__What you are asked to do__.
When copying the listing below, skip every picture and repeat exactly the lines from the first one through the line that contains "为深入贯彻习近平新时代中国特".

__Information supplied__.

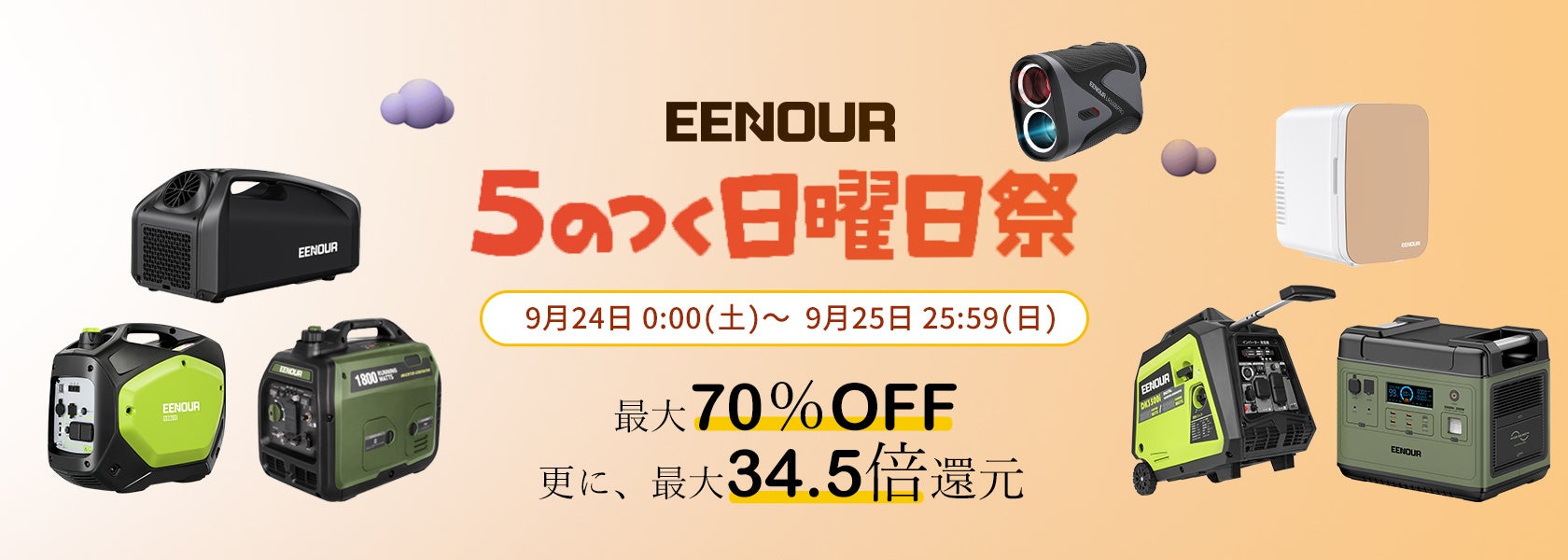 EENOURポータブル電源、発電機、ポータブル冷蔵庫など人気アイテム勢ぞろい!
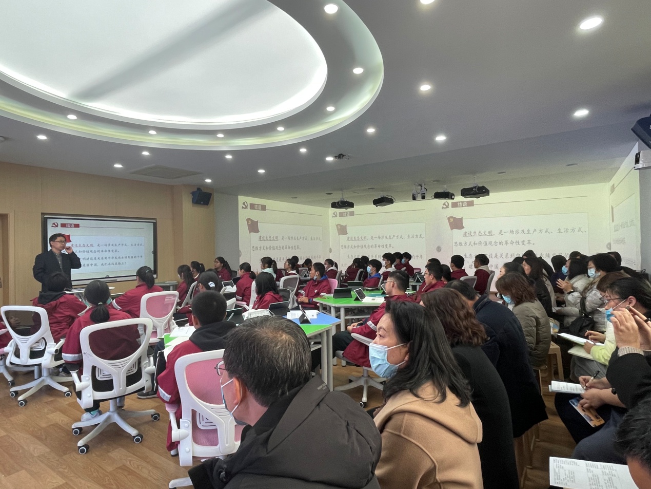 为深入贯彻习近平新时代中国特色社会主义思想进课堂,落实立德树人根本任务,在上师大附中学校党委的大力支持和浦东新区政治教研员的悉心指导下, 12月15日,学校政治组赵梓涛老师执教了一堂《绿水青山就是金山银山——学习习近平生态文明思想》的区级公开课。此次公开课也是该校党委组织的12月份主题党日活动之一。
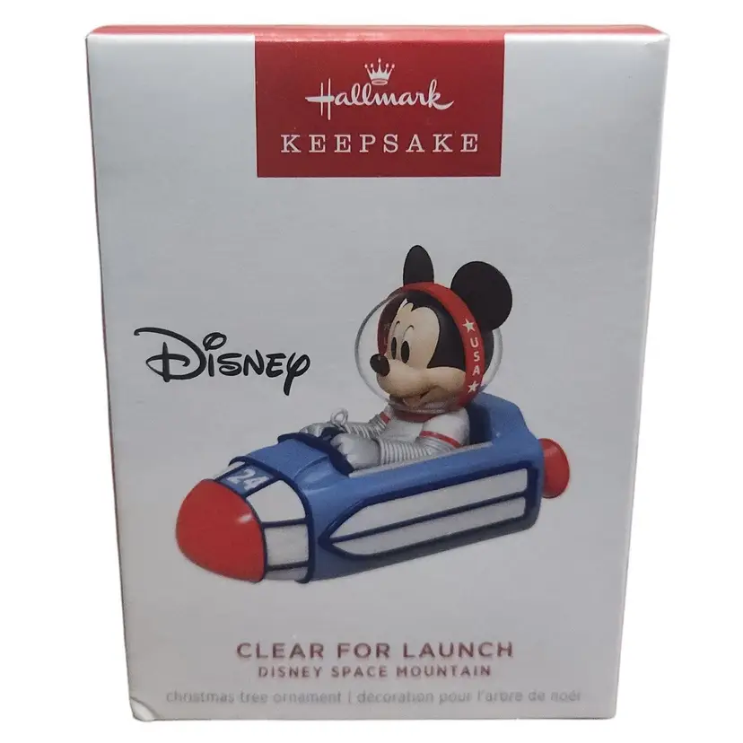 Imagine zooming through the galaxy with Disney Mickey Mouse this holiday season. Mickey launches his rocket ship bound for the furthest reaches of outer space in this Christmas tree ornament that's inspired by the beloved Space Mountain Disney Parks attraction. • Approx. Size in Inches: 1.5 x 2.48 x 3.49 • Hallmark Keepsake collection • Disney branded New in the original box. Original box may have minor wear due to storage.

__Answer to this problem__.
 EENOURポータブル電源、発電機、ポータブル冷蔵庫など人気アイテム勢ぞろい!
 为深入贯彻习近平新时代中国特色社会主义思想进课堂,落实立德树人根本任务,在上师大附中学校党委的大力支持和浦东新区政治教研员的悉心指导下, 12月15日,学校政治组赵梓涛老师执教了一堂《绿水青山就是金山银山——学习习近平生态文明思想》的区级公开课。此次公开课也是该校党委组织的12月份主题党日活动之一。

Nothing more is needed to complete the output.